Drug traders rear head as movement restrictions ease | The Daily Star
12:00 AM, July 05, 2020 / LAST MODIFIED: 12:00 AM, July 05, 2020

Drug traders rear head as movement restrictions ease

The pandemic is leaving an adverse impact on almost every sector, but when it comes to drug smuggling, Covid-19 has just been a reason to come up with newer, more innovative ideas and techniques.

During the government-induced shutdown, top dealers have reserved narcotics at bordering districts after smuggling those from neighbouring countries Myanmar and India.

At the time, they tried to send small consignments to different districts from the border areas using emergency product carrying service.

Since the shutdown has been relaxed, the smugglers are becoming more and more active, according to law enforcers and sources among narcotics dealers.

In April, when the shutdown was in full force and movement was heavily restricted, only 81 cases were filed on narcotics charge and 88 people got arrested across the country, shows a database of the Department of Narcotics Control (DNC).

But when the shutdown was relaxed during Eid in May, around 480 cases were filed and 519 people were arrested by DNC.

Before the shutdown, around 1,677 cases were filed against 171 people in January, 1,767 cases filed against 1,840 people in February and 1,412 cases were filed against 1,468 people in March by the DNC, shows the database.

Data from police headquarters show, number of narcotics cases have started to increase in May after the shutdown relaxed. Around 7,625 narcotics cases were filed across the country in March.

However, only 1,640 narcotics-related cases were filed in April, while the figure increased to 2,465 for the month of May.

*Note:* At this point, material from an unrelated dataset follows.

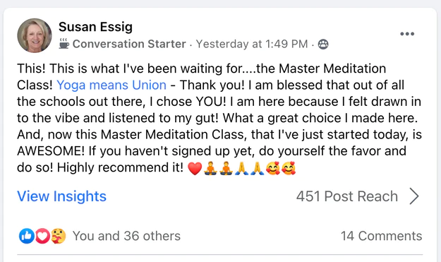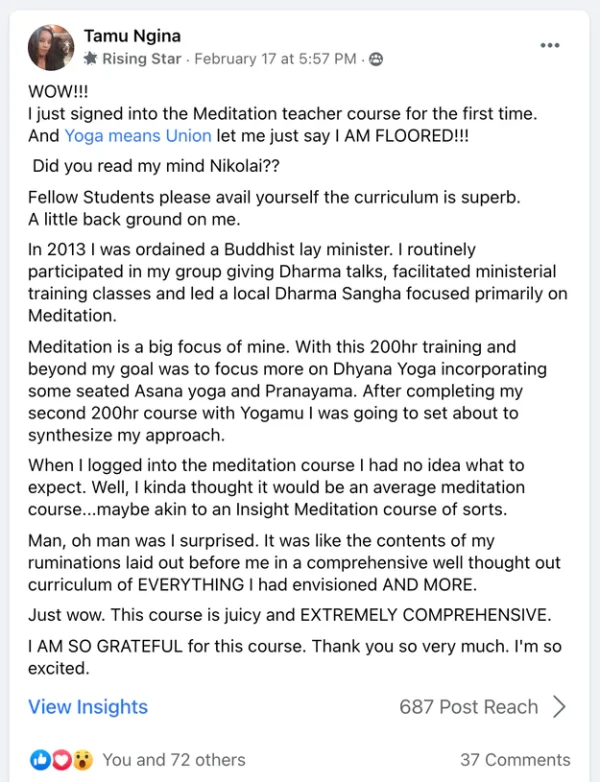 Yogamu is currently offering the Meditation Teacher Training on a pay-what-you-wish basis, which means you can pay any price you’d like between the minimum and $300
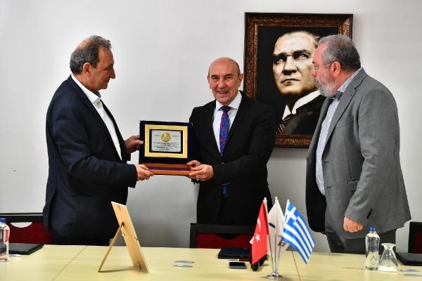 Vyronas Belediye Başkanı Grigoris Katopodis ve Kesariani Belediye Başkanı Christos Voscopoulos ise imzalanan 'Dostluk ve İş Birliği Beyanı' için Başkan Tunç Soyer'e teşekkür edip, hediye verdi.

Khorshid Alam, assistant director of DNC, told The Daily Star that narcotics dealings had slowed down due to the heavy restriction on movement during April.

"During this period, the supply from border areas to Dhaka declined, and the majority of narcotics were recovered at the border districts and the cases were also filed there," he said.

But in May, movement increased again as restrictions were relaxed, narcotics dealers managed to pick up their operations again.

According to sources, narcotics smuggling could never be stopped during the entire shutdown period.

"Yaba supply comes from Myanmar as usual. But the majority of dealers used to preserve these pills in different places as they did not have a way to send those to Dhaka and other districts," this correspondent found out from a source who has connection with narcotics dealers.

Wing Commander Azim Ahmed, commanding officer of Rapid Action Battalion (Rab-15) in Cox's Bazar, also said Covid-19 had no effect on narcotics smuggling.

"Consignments of yaba come from Myanmar and we also seized three consignments of phensedyl, which was going to Myanmar from Bangladesh," he told The Daily Star.

"We are conducting multiple drives to arrest smugglers," he added.

Detective Branch of Police seized around 1.80 lakh yaba tablets and arrested three alleged drug peddlers from Cox's Bazar's Ramu upazila on June 20.

On June 16, Border Guard Bangladesh (BGB 34 battalion) in Cox's Bazar recovered around 1.20 lakh yaba from Rezu Khal. From January 1, 20202 till date, the battalion seized 16.29 lakh yaba pills and arrested around 287 people for involvement in narcotics smuggling.

HOW DO THEY DO IT?

Sources say narcotics dealers use courier services and emergency supply services like vegetable, fish and agricultural product carrying vehicles to deliver the drugs to Dhaka.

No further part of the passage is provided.